-- Task input follows --

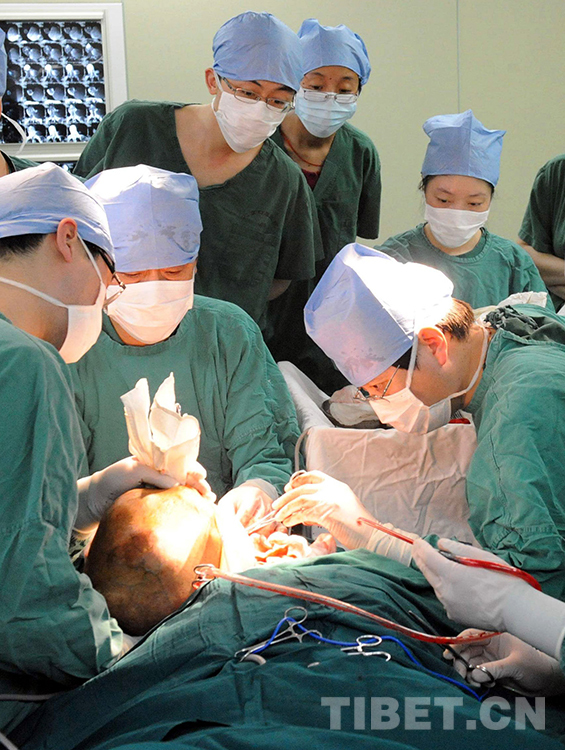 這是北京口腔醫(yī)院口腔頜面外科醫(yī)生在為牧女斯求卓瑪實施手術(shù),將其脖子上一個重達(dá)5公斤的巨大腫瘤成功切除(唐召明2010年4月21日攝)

-- Task input concluded --
-- Task input follows --

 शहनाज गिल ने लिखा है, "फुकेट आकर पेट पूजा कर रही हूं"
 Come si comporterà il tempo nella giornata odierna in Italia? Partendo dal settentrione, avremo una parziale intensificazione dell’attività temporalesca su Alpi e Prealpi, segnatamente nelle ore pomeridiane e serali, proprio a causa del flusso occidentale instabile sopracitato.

-- Task input concluded --

◆ **Goal of the exercise**
Quote the data above from the line containing "शहनाज गिल ने" to the line containing "Come si comporterà", inclusive, and stop.

◆ **Solution for this problem**
 शहनाज गिल ने लिखा है, "फुकेट आकर पेट पूजा कर रही हूं"
 Come si comporterà il tempo nella giornata odierna in Italia? Partendo dal settentrione, avremo una parziale intensificazione dell’attività temporalesca su Alpi e Prealpi, segnatamente nelle ore pomeridiane e serali, proprio a causa del flusso occidentale instabile sopracitato.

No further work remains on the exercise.